Generate regulatory compliance reports that map your validation results against specific standards. Reports are generated asynchronously and returned as downloadable documents.

### Supported Standards

<CardGroup cols={3}>
  <Card title="EU AI Act" icon="flag">
    European Union Artificial Intelligence Act. Required for high-risk AI systems deployed in the EU.
  </Card>

  <Card title="FDA 21 CFR Part 11" icon="file-medical">
    FDA regulations for electronic records and signatures. Required for medical device AI.
  </Card>

  <Card title="ISO 26262" icon="car">
    Functional safety standard for road vehicles.

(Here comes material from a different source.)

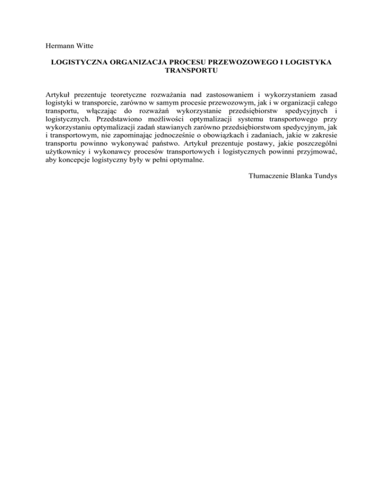 Hermann Witte LOGISTYCZNA ORGANIZACJA PROCESU PRZEWOZOWEGO I LOGISTYKA TRANSPORTU Artykuł prezentuje teoretyczne rozważania nad zastosowaniem i wykorzystaniem zasad logistyki w transporcie, zarówno w samym procesie przewozowym, jak i w organizacji całego transportu, włączając do rozważań wykorzystanie przedsiębiorstw spedycyjnych i logistycznych. Przedstawiono możliwości optymalizacji systemu transportowego przy wykorzystaniu optymalizacji zadań stawianych zarówno przedsiębiorstwom spedycyjnym, jak i transportowym, nie zapominając jednocześnie o obowiązkach i zadaniach, jakie w zakresie transportu powinno wykonywać państwo. Artykuł prezentuje postawy, jakie poszczególni użytkownicy i wykonawcy procesów transportowych i logistycznych powinni przyjmować, aby koncepcje logistyczny były w pełni optymalne. Tłumaczenie Blanka Tundys

Required for automotive ADAS and AV systems.
  </Card>
</CardGroup>

### Generate a Compliance Report

<CodeGroup>
  ```bash cURL theme={null}
  curl -X POST https://api.lucitra.io/v1/compliance/report \
    -H "Authorization: Bearer luci_your_api_key" \
    -H "Content-Type: application/json" \
    -d '{
      "projectId": "proj_abc123",
      "reportIds": ["rpt_8abc1234", "rpt_9def5678"],
      "format": "pdf",
      "standard": "eu_ai_act"
    }'
  ```

  ```python Python theme={null}
  resp = requests.post(
      "https://api.lucitra.io/v1/compliance/report",
      headers={"Authorization": "Bearer luci_your_api_key"},
      json={
          "projectId": "proj_abc123",
          "reportIds": ["rpt_8abc1234", "rpt_9def5678"],
          "format": "pdf",
          "standard": "eu_ai_act",
      },
  )
  # Returns 202 Accepted
  compliance = resp.json()
  ```
</CodeGroup>

<ParamField body="projectId" type="string" required>
  The project to generate the compliance report for.
</ParamField>

<ParamField body="reportIds" type="array" required>
  Validation report IDs to include in the compliance assessment.
</ParamField>

<ParamField body="format" type="string" required>
  Output format. Currently `pdf` is supported.
</ParamField>

<ParamField body="standard" type="string" required>
  Regulatory standard to assess against. One of `eu_ai_act`, `fda_21cfr11`, or `iso_26262`.
</ParamField>

<Info>
  Compliance report generation returns **202 Accepted**. Poll the report status or use a webhook to be notified when it is ready.
</Info>

### List, Get, and Download

<CodeGroup>
  ```bash List theme={null}
  curl "https://api.lucitra.io/v1/compliance/reports?project_id=proj_abc123" \
    -H "Authorization: Bearer luci_your_api_key"
  ```

  ```bash Get theme={null}
  curl "https://api.lucitra.io/v1/compliance/reports/cr_abc123" \
    -H "Authorization: Bearer luci_your_api_key"
  ```

  ```bash Download theme={null}
  curl -L "https://api.lucitra.io/v1/compliance/reports/cr_abc123/download" \
    -H "Authorization: Bearer luci_your_api_key" \
    -o compliance-report.pdf
  ```
</CodeGroup>

<Note>
  The download endpoint returns a **307 redirect** to a time-limited signed GCS URL. Use `-L` in cURL or `allow_redirects=True` in Python to follow the redirect automatically.
</Note>

***

## Certification Tokens

Certification tokens provide time-limited, read-only access to a compliance report without requiring API authentication. Use them to share audit-ready reports with external auditors, regulators, or certification bodies.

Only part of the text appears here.